== Exercise description ==
Exactly retype the lines from the top of the data through the line containing "Numerous civic developments", leaving out every picture.

[Opening Supplied data section]

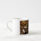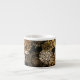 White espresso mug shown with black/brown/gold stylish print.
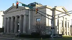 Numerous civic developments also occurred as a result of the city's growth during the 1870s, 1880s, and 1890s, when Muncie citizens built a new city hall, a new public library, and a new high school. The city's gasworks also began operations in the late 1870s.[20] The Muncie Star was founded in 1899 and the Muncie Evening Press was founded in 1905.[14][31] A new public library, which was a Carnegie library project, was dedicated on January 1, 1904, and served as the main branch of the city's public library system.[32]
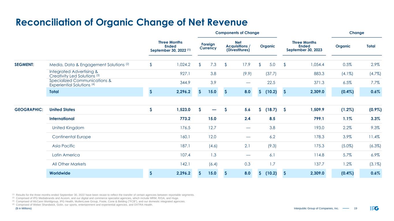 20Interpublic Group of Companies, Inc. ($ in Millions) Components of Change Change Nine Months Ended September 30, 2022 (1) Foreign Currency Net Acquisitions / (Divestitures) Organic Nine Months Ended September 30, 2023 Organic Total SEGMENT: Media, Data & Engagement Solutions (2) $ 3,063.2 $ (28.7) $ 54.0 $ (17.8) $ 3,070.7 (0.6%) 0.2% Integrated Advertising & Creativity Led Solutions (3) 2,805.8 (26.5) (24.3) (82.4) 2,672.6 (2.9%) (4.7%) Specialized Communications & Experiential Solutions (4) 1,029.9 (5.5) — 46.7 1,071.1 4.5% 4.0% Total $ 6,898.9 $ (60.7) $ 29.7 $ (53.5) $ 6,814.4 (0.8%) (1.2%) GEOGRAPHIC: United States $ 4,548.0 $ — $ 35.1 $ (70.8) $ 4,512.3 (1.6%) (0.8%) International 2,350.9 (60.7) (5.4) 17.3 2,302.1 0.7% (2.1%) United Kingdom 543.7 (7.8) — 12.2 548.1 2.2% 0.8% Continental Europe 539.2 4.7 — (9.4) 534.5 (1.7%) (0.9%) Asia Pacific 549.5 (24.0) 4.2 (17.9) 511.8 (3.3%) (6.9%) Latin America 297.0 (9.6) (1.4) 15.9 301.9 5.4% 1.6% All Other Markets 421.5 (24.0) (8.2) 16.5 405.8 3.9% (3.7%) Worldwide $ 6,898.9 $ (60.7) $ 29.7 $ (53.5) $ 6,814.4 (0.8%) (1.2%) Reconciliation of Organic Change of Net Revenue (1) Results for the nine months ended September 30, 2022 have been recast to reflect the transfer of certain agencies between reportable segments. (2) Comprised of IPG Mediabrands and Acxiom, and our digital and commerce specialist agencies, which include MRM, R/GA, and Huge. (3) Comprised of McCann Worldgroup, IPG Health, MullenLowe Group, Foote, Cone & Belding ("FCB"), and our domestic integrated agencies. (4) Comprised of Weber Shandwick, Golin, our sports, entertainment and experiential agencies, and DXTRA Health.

[Closing Supplied data section]

== Your solution ==
 White espresso mug shown with black/brown/gold stylish print.
 Numerous civic developments also occurred as a result of the city's growth during the 1870s, 1880s, and 1890s, when Muncie citizens built a new city hall, a new public library, and a new high school. The city's gasworks also began operations in the late 1870s.[20] The Muncie Star was founded in 1899 and the Muncie Evening Press was founded in 1905.[14][31] A new public library, which was a Carnegie library project, was dedicated on January 1, 1904, and served as the main branch of the city's public library system.[32]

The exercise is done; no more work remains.